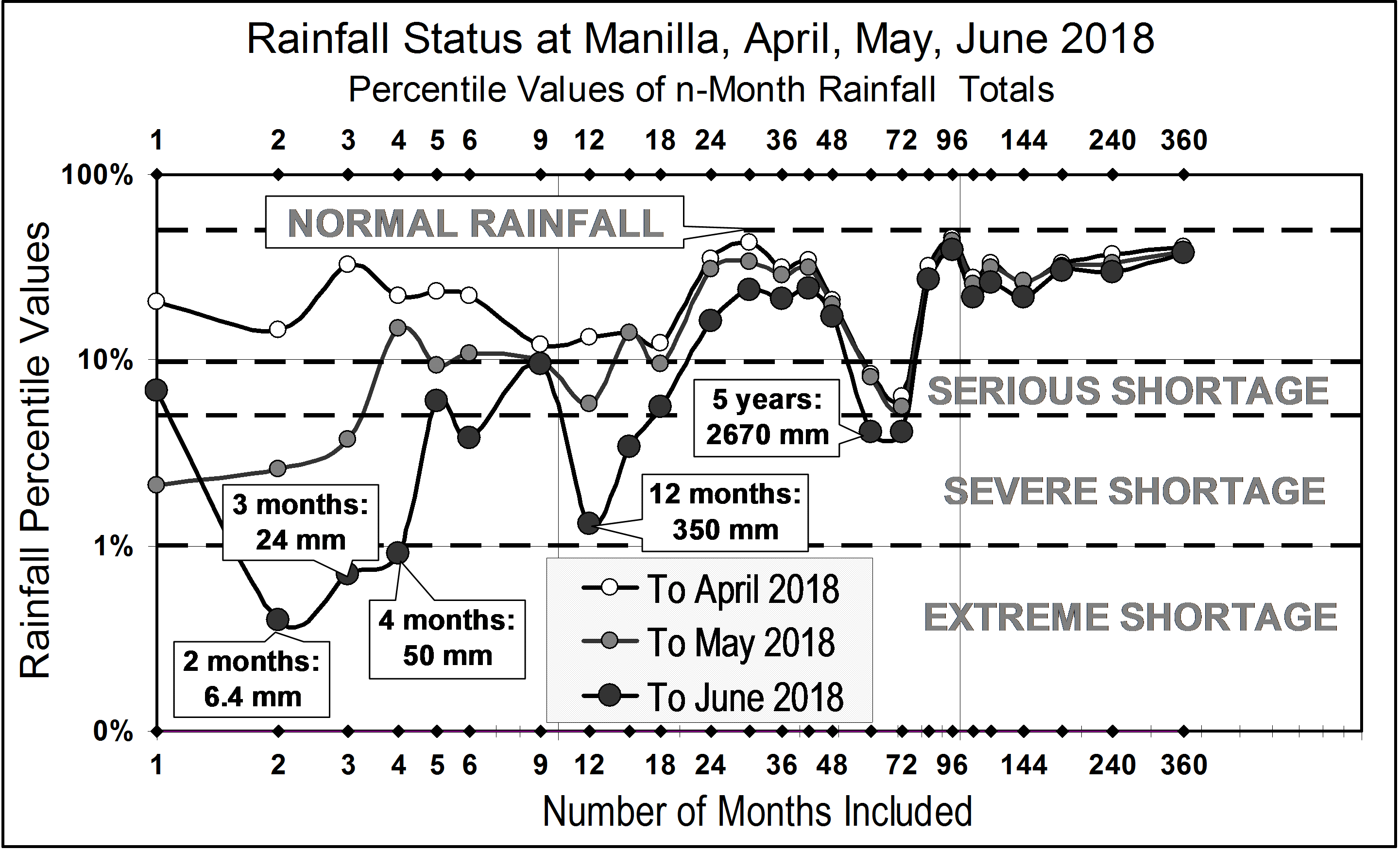 Published July 6, 2018 at 2882 × 1751 in Rainfall Shortages up to June 2018 « Previous Graph showing shortages of rainfall at Manilla NSW at April, May, and June 2018. Percentile values of periods of one month up to 360 months are shown as percentiles, classed as extreme, severe, or serious.
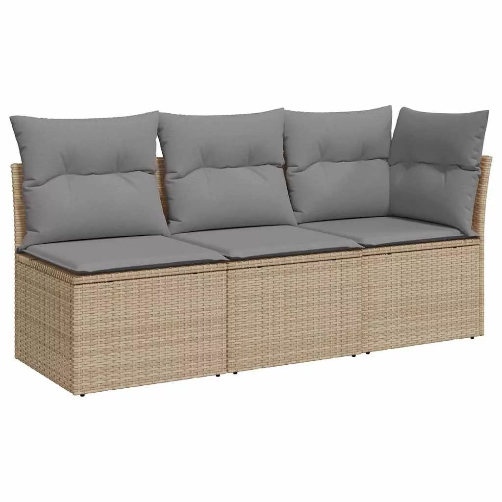 3 személyes bézs polyrattan kerti kanapé párnával
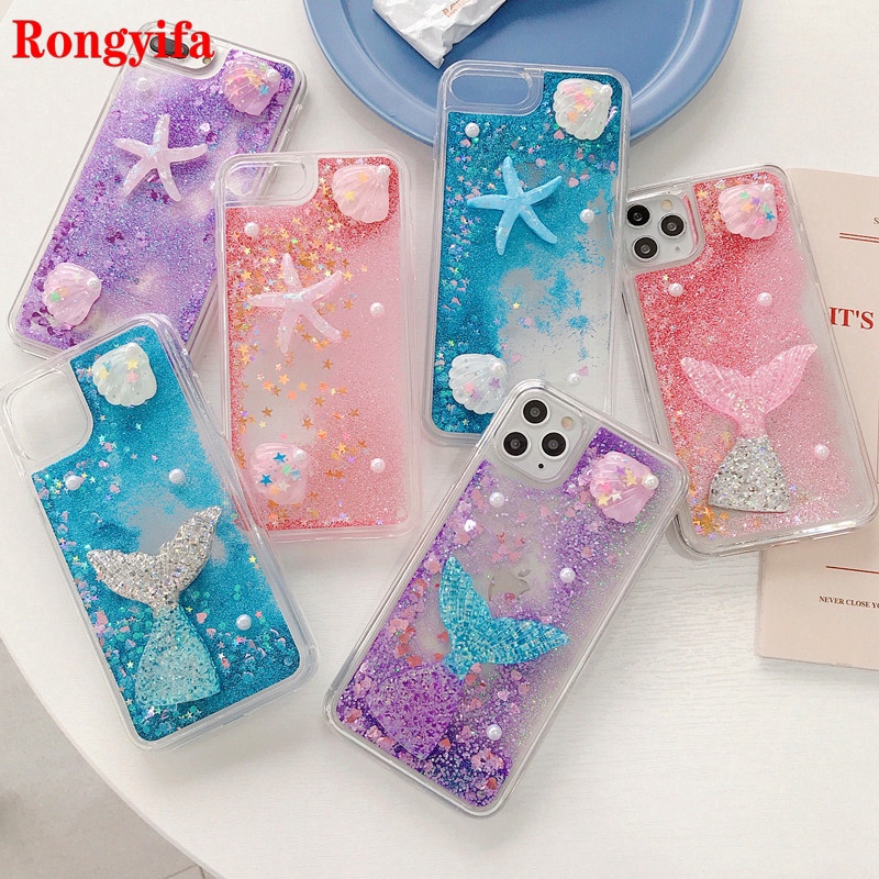Xiaomi Redmi Note 7 6 Pro 6 6A Phone Case Mermaid Quicksand Liquid Pearl Shell Glitter Bling TPU Case Cover
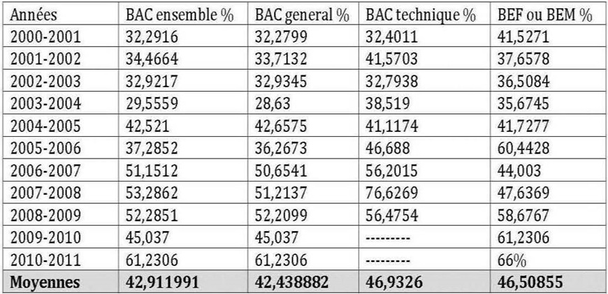 Tableau 2 : les taux de réussite au Brevet d’enseignement moyen et au Baccalauréat
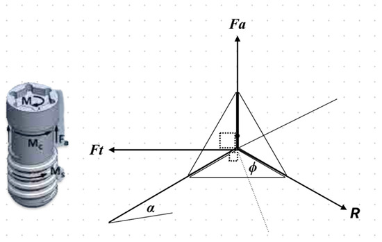 - An axial force Fa: This force was exerted on the lower contact surface of the screw, opposing its advancement during the tightening process.
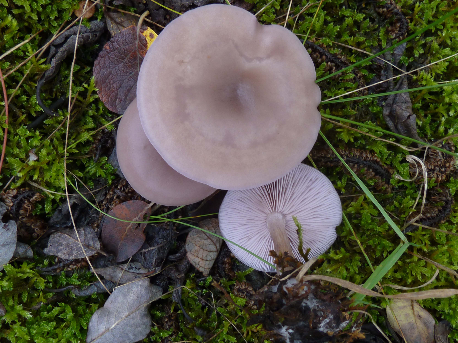 Die Pilzchen nach Hygrocybe punicea (Riesensaftling) sind Trichterlinge, aber ich habe keine Ahnung, welche Art das sein könnte.
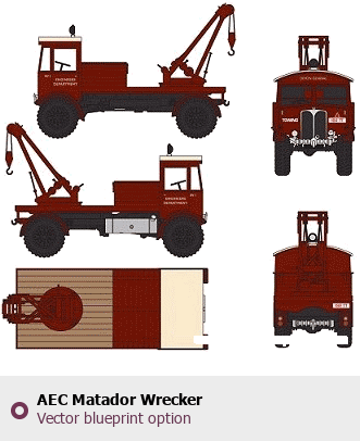 Raster blueprint of the AEC Matador Wrecker Heavy Truck. This free downloadable image can be used for graphic projects, digital design, and 3D modeling. The file provides accurate exterior proportions of the vehicle. Body type: Heavy Truck.
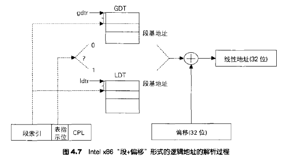 在寻址的时候,CPU首先根据段寄存器中的号码,通过gdtr或ldtr来到GDT/LDT中取出对应的段描述符,然后再取出这个段的基地址,最后再结合段内的偏移,完成内存寻址。
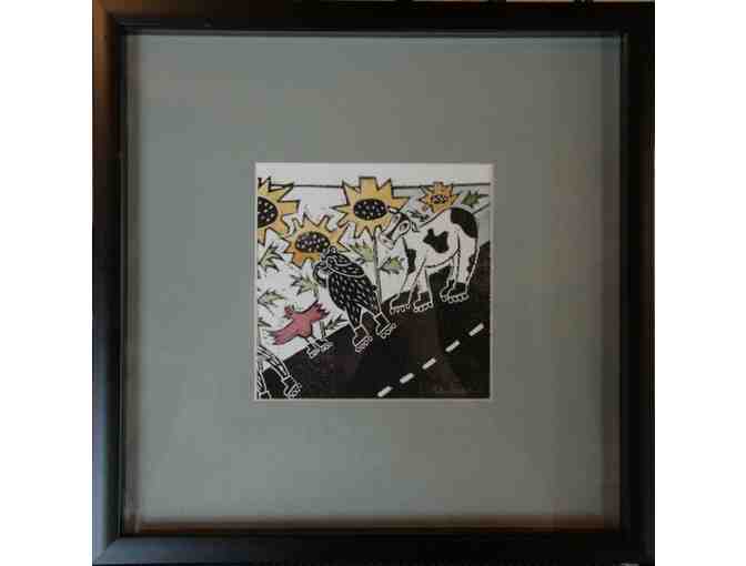 Kelly Dupre, a well-known local artist, illustrator, and former North House employee, crafted this whimsical linoleum block print. Using ink and watercolors, the print pictures farm animals rolling on rollerblades through sunflowers. The print is beautifully matted in a sage green and framed in black, measuring 13"x13". Kelly's work is featured in regional galleries and several published books. To learn more about her work, visit www.kellydupre.com.
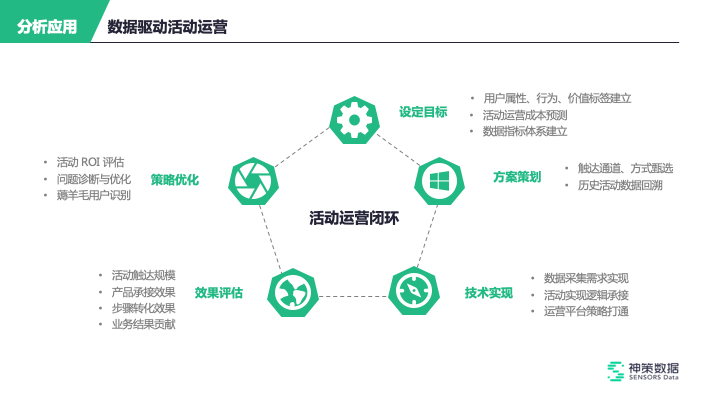 在活动运营的闭环里面,会经历以下阶段,分别是:设定目标——方案策划——技术实现——效果评估——策略优化,每个阶段都可以应用数字化运营。
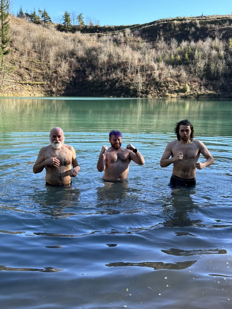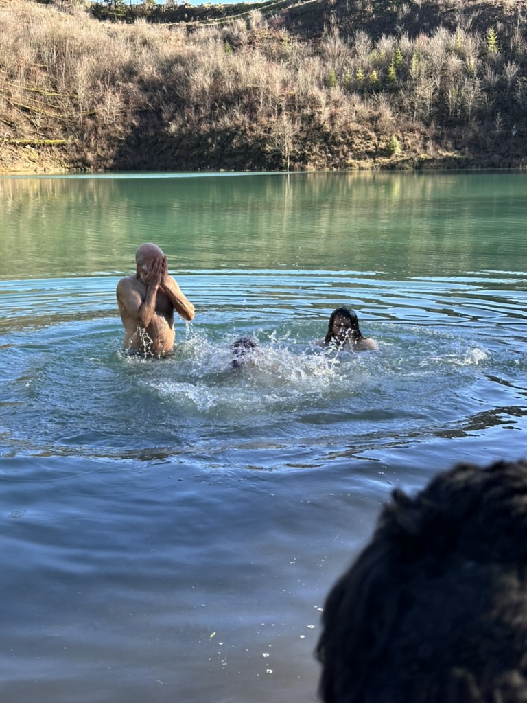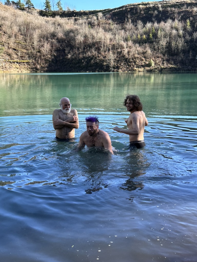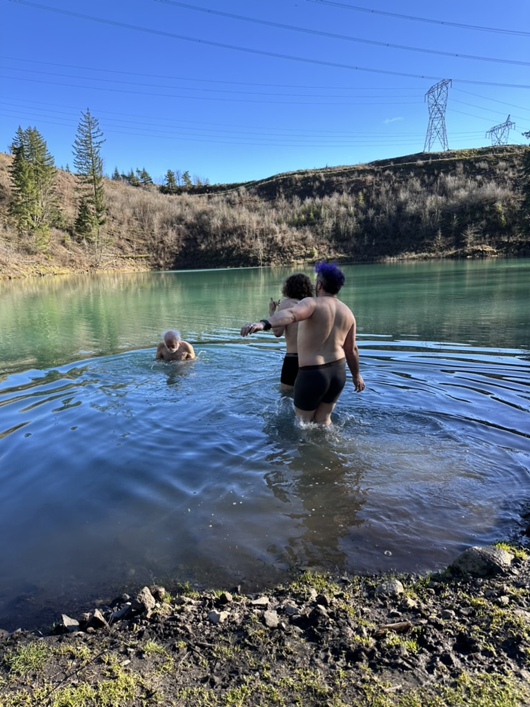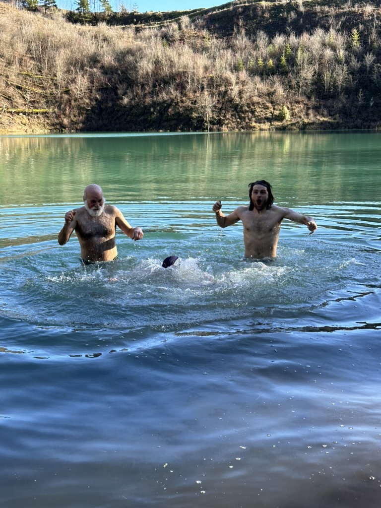 We got up to a small lake.. it was bright blue.. due to soem mineral content.. and really, really cold. That didn’t stop the cohn boyts from taking a dip. It was good timing because our burning man friends had FLuffy at the Penguin Plunge in Burlington. I’m guessing it wasn’t much colder there than here.
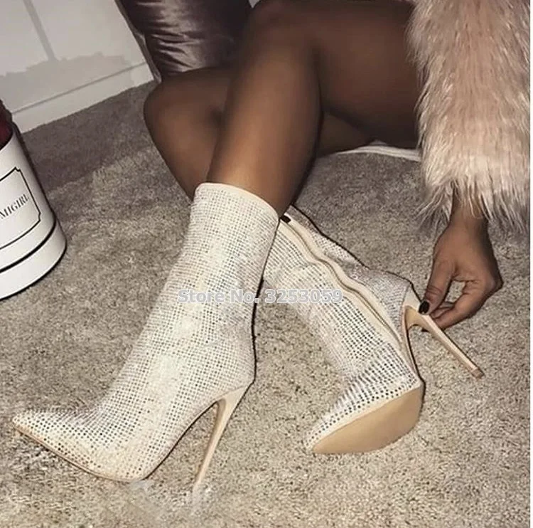 Mid kalf Laarzen Rits Stiletto Hakken Trouwschoenen Fonkelende Jurk
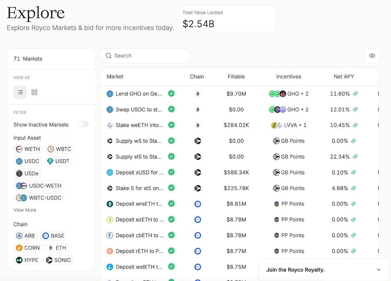 Projects like Royco allow protocols to list liquidity needs, like placing orders in a market, with LPs executing these orders based on expected returns.
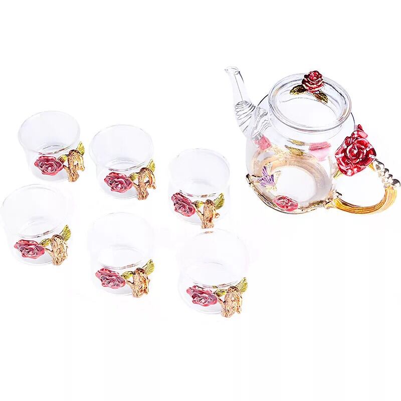 ティー・コーヒーカップセット カップ&ソーサー4客セット ガラスカップセット 花柄姫系雑貨
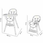 - scaun 2 in 1: scaun de masa inalt pentru bebelusi de la 6 luni pana la 3 ani sai 15 kg, ca mai apoi sa se poata transforma intr-un scaun jos pentru copiii de pana la 5 ani.
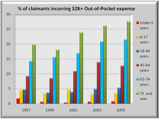 Not only are insurance premiums taking a growing percent of compensation, but out-of-pocket costs are compounding the problem. The graph below shows the percent of those having medical and drug claims whose out-of-pocket cost exceeded $2,000.
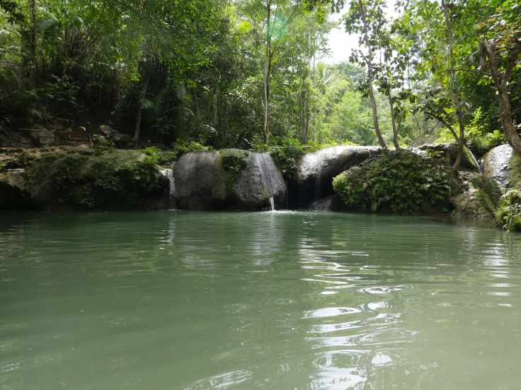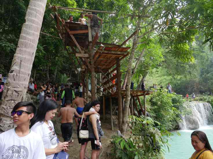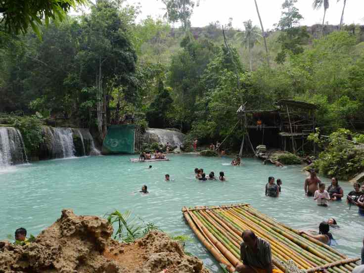 Environ 1h de scooter plus tard, voilà qu’on arrive à Cambugahay Falls ! Vous vous souvenez la vision d’horreur quand on est arrivé à Kawasan Falls ? Bah là pareil ! De belles cascades et du monde de partout !! En mode base de loisirs en plein été à Paris ! Pourtant on avait lu qu’il n’y avait pas grand monde… c’était sans compter qu’on était dimanche ! Le problème quand tu es en vacances longue durée, c’est que tu n’as aucune notion des jours. Du coup, on s’expose à ce genre de déconvenue… Ni une ni deux, on est reparti de ce « paradis« .
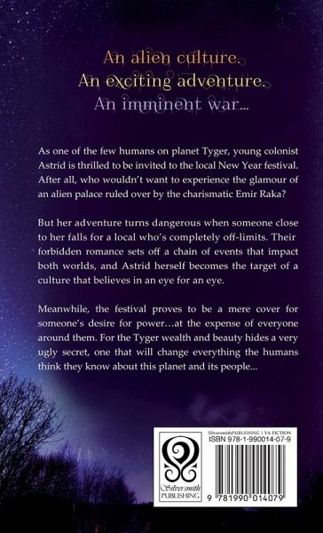 An alien culture. An exciting adventure. An imminent war... As one of the few humans on planet Tyger, young colonist Astrid is thrilled to be invited to the local New Year festival. After all, who wouldn't want to experience the glamour of an alien palace ruled over by the charismatic Emir Raka? But her adventure turns dangerous when someone close to her falls for a local who's completely off-limits. Their forbidden romance sets off a chain of events that impact both worlds, and Astrid herself becomes the target of a culture that believes in an eye for an eye. Meanwhile, the festival proves to be a mere cover for someone's desire for power...at the expense of everyone around them. For the Tyger wealth and beauty hides a very ugly secret, one that will change everything the humans think they know about this planet and its people...
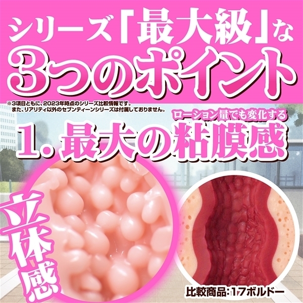 トイズハートが誇る看板シリーズ「セブンティーン」、この集大成として大々的に開発をスタートしたのがセブンティーン リアリティです。改めて二次元と三次元におけるリアルさを追求し、新たなホンモノ体験を具現化することに成功しました。具体的に一番の試行錯誤ポイントは、素材の硬さです。最終的にこの硬度に落ち着いた理由としては、イボ=粘膜感としてのリアルが再現できた為です。絶妙なバランスでイボではなく、まるで粘膜のように感触を感じられ、最終的には満場一致でこの硬度に決定しました。ローション注入量によっても粘膜感が格段に変化することも特徴のひとつです。自分だけの丁度良いローション量を探りながらホンモノ体験を楽しんでいただければ幸いです。
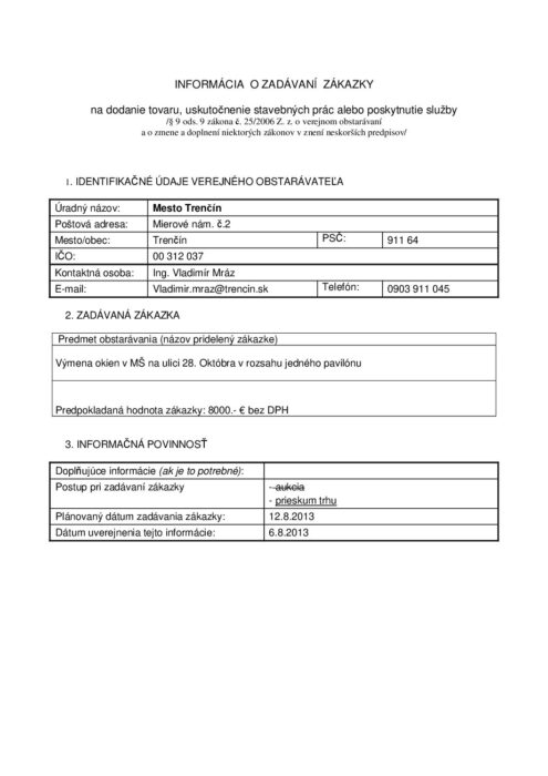 výmena okien MŠ na Ul. 28.októbra
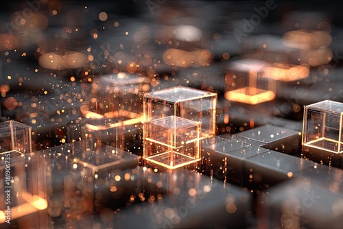 Close-up of transparent cubes with glowing edges scattered across a textured surface
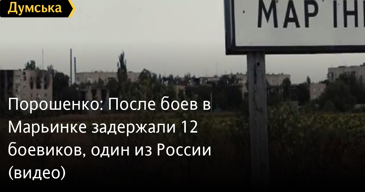 «Вследствие операции по зачистке Марьинка полностью освобождена от диверсантов, задержаны 12 человек, в том числе гражданин России, которые оказывали вооруженное сопротивление ВСУ», — сказал Порошенко.
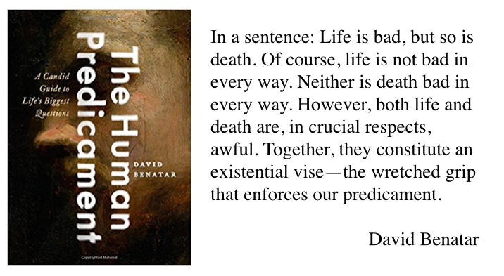 Book of the week: “The Human Predicament” by David Benatar. Hold on to your butts!
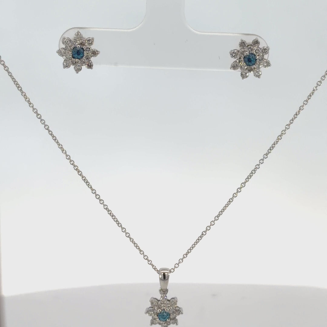 One pair of 14kt white gold 0.76 ctw round cut Fancy Green Blue & white diamond floral motif earrings:
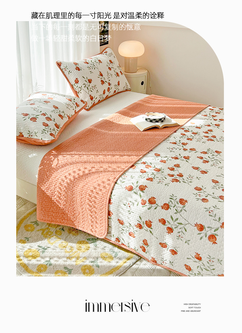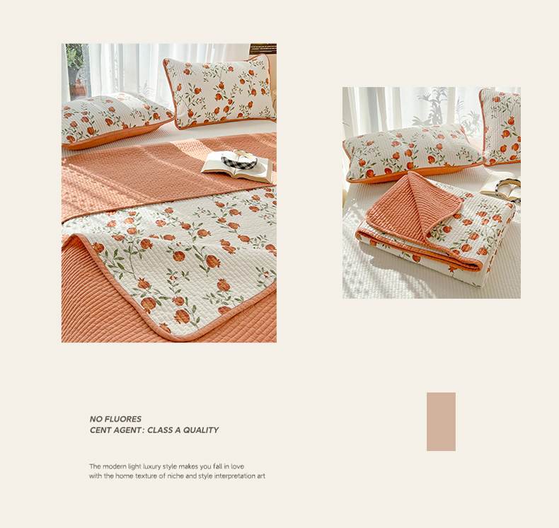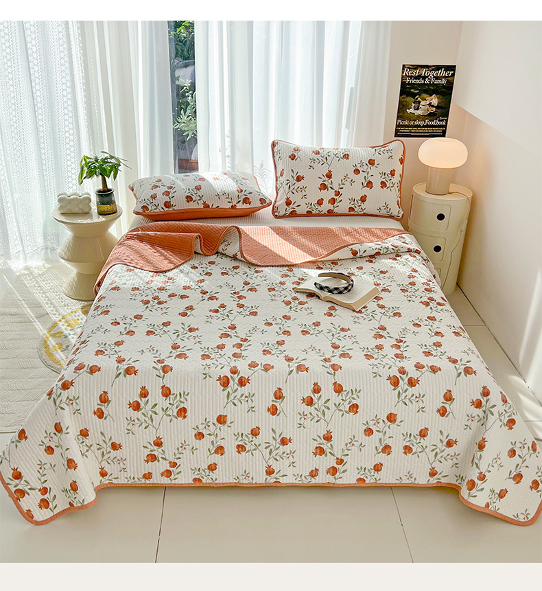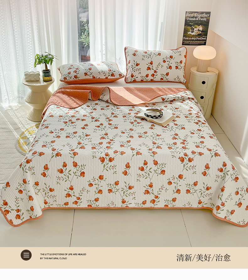 茉夕家纺 2024新款纯棉斜纹13372双面纯棉床盖 石榴红了

▶ _What is expected_:
The material above holds pictures; leave them out and set down exactly the lines from the line with "トイズハートが誇る看板シリー" to the line with "výmena okien MŠ na Ul. 28.októbra", both included.

▶ _Response to the task_:
 トイズハートが誇る看板シリーズ「セブンティーン」、この集大成として大々的に開発をスタートしたのがセブンティーン リアリティです。改めて二次元と三次元におけるリアルさを追求し、新たなホンモノ体験を具現化することに成功しました。具体的に一番の試行錯誤ポイントは、素材の硬さです。最終的にこの硬度に落ち着いた理由としては、イボ=粘膜感としてのリアルが再現できた為です。絶妙なバランスでイボではなく、まるで粘膜のように感触を感じられ、最終的には満場一致でこの硬度に決定しました。ローション注入量によっても粘膜感が格段に変化することも特徴のひとつです。自分だけの丁度良いローション量を探りながらホンモノ体験を楽しんでいただければ幸いです。
 výmena okien MŠ na Ul. 28.októbra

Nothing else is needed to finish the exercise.